• Data block:
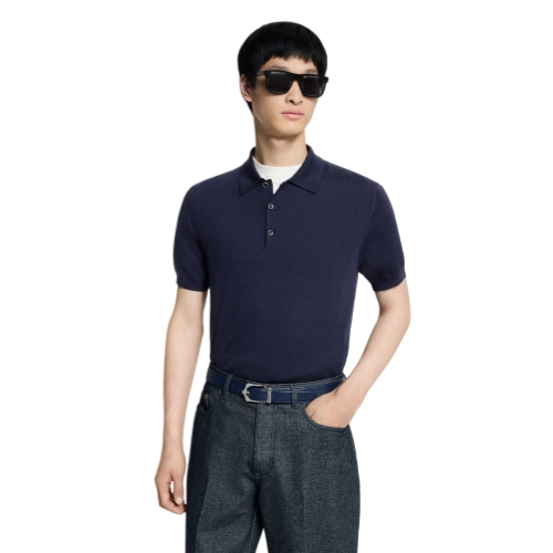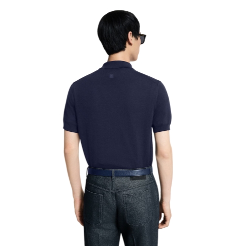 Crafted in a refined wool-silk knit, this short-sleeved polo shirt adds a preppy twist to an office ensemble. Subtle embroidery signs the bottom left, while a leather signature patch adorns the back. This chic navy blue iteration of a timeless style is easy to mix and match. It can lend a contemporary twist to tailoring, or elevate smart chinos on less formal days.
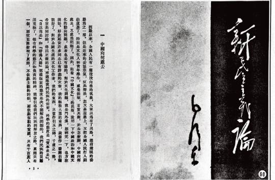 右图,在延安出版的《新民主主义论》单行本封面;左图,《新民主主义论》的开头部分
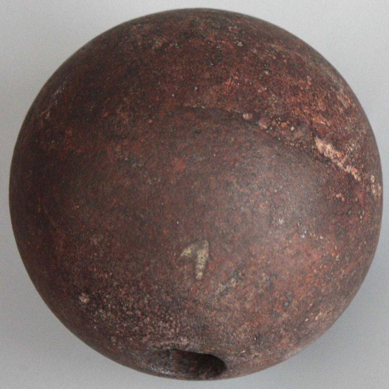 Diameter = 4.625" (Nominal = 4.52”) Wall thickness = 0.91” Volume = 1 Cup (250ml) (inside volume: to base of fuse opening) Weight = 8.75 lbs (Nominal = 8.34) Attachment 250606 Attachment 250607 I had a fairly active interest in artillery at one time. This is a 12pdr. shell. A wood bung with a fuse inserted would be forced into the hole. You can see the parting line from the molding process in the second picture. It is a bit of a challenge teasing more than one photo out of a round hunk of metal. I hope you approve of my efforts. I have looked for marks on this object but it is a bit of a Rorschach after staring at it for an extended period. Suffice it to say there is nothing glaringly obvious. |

• Work request: Print the data exactly, from its first line to the line containing "右图,在延安出版的《新民主主义论》单行本封面;左图,《新民主主义论》的开头部分", both included. Omit the pictures.

• Solution:
 Crafted in a refined wool-silk knit, this short-sleeved polo shirt adds a preppy twist to an office ensemble. Subtle embroidery signs the bottom left, while a leather signature patch adorns the back. This chic navy blue iteration of a timeless style is easy to mix and match. It can lend a contemporary twist to tailoring, or elevate smart chinos on less formal days.
 右图,在延安出版的《新民主主义论》单行本封面;左图,《新民主主义论》的开头部分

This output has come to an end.